NVIDIA’s latest offering, the GeForce RTX 5090, has taken a significant leap in inference performance on the DeepSeek R1, leaving AMD’s RX 7900 XTX trailing behind. The credit largely goes to the advanced fifth-generation Tensor Cores.
Smooth Sailing with High Performance on NVIDIA’s New RTX GPUs for DeepSeek’s Models
It’s becoming clear that consumer-grade GPUs are increasingly effective for running high-end Large Language Models (LLMs) on home setups. Both NVIDIA and AMD are pulling out all the stops to make this possible. Just recently, AMD put the spotlight on its RDNA 3 flagship GPU’s performance on the DeepSeek R1 LLM model. Not to be outdone, NVIDIA, often dubbed Team Green, showcased their new RTX Blackwell GPUs which, according to inference benchmarks, demonstrate just how superior the GeForce RTX 5090 truly is.
When you look across various DeepSeek R1 models, the GeForce RTX 5090 stands out, outperforming both the Radeon RX 7900 XTX and its own previous generation. It’s reaching speeds of up to 200 tokens per second on Distill Qwen 7b and Distill Llama 8b—nearly twice the rate of AMD’s RX 7900 XTX. This achievement signals a promising future for AI performance on NVIDIA’s GPUs, suggesting we’ll likely see cutting-edge AI applications on consumer PCs become commonplace.
If you’re itching to run DeepSeek R1 on NVIDIA’s RTX GPUs, you’re in luck. NVIDIA has provided a user-friendly blog explaining how, likening it to operating a chatbot online. Here’s a sneak peek into the process:
To safely allow developers to experiment and create specialized agents, the massive 671-billion-parameter DeepSeek-R1 model is currently a preview as an NVIDIA NIM microservice on build.nvidia.com. The DeepSeek-R1 NIM microservice impressively hits up to 3,872 tokens per second with a single NVIDIA HGX H200 system.
Developers can play around with the API, slated to be available soon for download as a NIM microservice under the NVIDIA AI Enterprise software banner.

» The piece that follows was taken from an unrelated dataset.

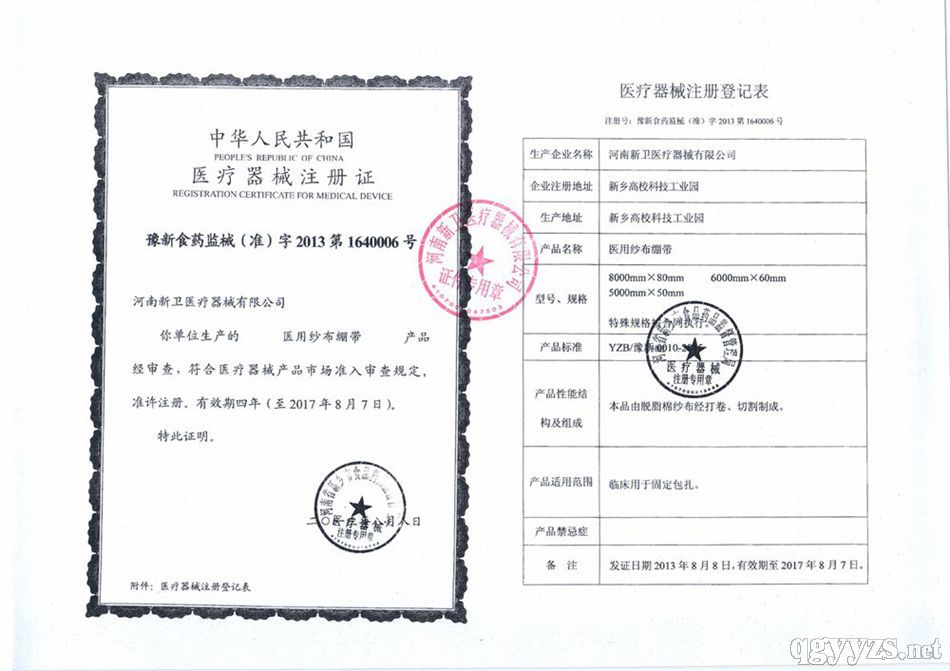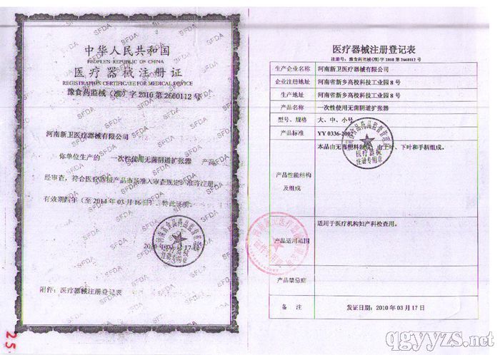 批準文號: 豫食藥監(jiān)械(準)字2012第2150080號 【驗證真?zhèn)?/a>】
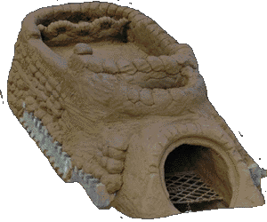 - Die Brennkammer, in der sich die rohen Tongefäße und -objekte befinden, liegt oberhalb des Feuerraumes. Durch den langen verschlungenen Flammenweg bleibt die Hitze länger im Ofen als bei einem Ofen mit direkt aufsteigender Flamme.

The DeepSeek-R1 NIM microservice simplifies deployment using industry-standard APIs, helping companies run it on their chosen accelerated computing setup to ensure top-notch security and data protection.
– NVIDIA
With this NVIDIA NIM offering, both developers and tech enthusiasts can easily experiment with AI models right on their local machines. This not only keeps your data secure but also leverages faster performance if your hardware is up to the task.